Abbott Laboratories BinaxNOW, an at-home-rapid-COVID test, two-pack cost $23.99. (Hannah Norman/Kaiser Health News/TNS)

(TNS) – With COVID-19 cases surging across the San Francisco Bay Area, many people are using at-home antigen tests, especially as they become more widely available from employers, schools and more. Antigen tests aren’t as reliable as PCR tests, but they’re likely to catch anyone who’s at their most contagious.

One thing many people using at-home COVID-19 antigen tests are getting wrong is the timing, said Dr. William Schaffner, a professor in the division of infectious diseases at Vanderbilt University. Schaffner explained that he has noticed people are often testing too early after exposure and without any symptoms, and this can lead to false negatives.

“I think there are many people who are using the at-home test within 48 hours of being exposed to someone,” he said. “They’re thinking, ‘I’m exposed. It’s now two days later and I want to test.’ That’s too early. There’s not enough virus there yet. You have to let enough time go by.”

How to determine when to test for COVID after exposure

If you feel sick and have symptoms, the Centers for Disease Control and Prevention recommends that you test immediately, even if you’re vaccinated. You’re also advised to test if you had close contact with someone who tested positive for COVID, even if you don’t have symptoms. If you’re fully vaccinated, general health guidance recommends testing on day 5 after you were exposed.
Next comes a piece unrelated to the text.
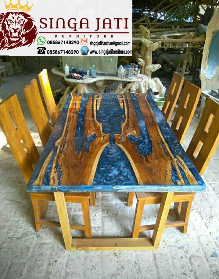 Meja makan kayu dengan ukiran mungkin anda sudah bisa melihatnya namun meja makan resin tidak semua orang pernah menjumpainya, nah.., kali ini saya akan mempersembahkan meja resin kepada anda, meja resin ini tetap memakai kayu trembesi solid tetapi ada yang bikin meja makan tersebut berbeda yaitu resin, meja makan kayu trembesi yang di kombinasikan bahan resin menjadikan meja makan ini mempunyai kesan mewah dan unik, meja makan resin kayu trembesi sudah mulai banyak diminati masyarakat Indonesia, terlebih coraknya yang unik bikin setiap orang terheran-heran dan terkagum-kagum selain kayu trembesi kami juga memproduksi meja makan resin kayu jati solid.

Schaffner said you can use an at-home test as early as day 3. This is because the incubation period for omicron, which is the dominant variant in the U.S. and California, appears to be shorter than past variants. Symptoms can start showing up as early as three days after exposure, the Centers for Disease Control and Prevention said.

But Schaffner emphasized if you’re going to test on day 3, you have to count correctly.

“You don’t count the day of exposure,” he explained. “If you’re exposed on Monday, Tuesday is day 1, Wednesday is day 2, Thursday is day 3.”

He added, “I think miscounting is often a mistake. It’s not people trying to cheat the system. It’s just people who don’t know how to count.”

When people count the day of exposure as day 1, they are likely to test too early when there may not be enough virus present. The at-home test, which is less sensitive than a PCR, may not pick it up. If you test negative on day 3, you can test again on day 4 or 5, depending on your situation and access to test kits. If you have only one test, you may want to wait to test on day 5, as Schaffner said.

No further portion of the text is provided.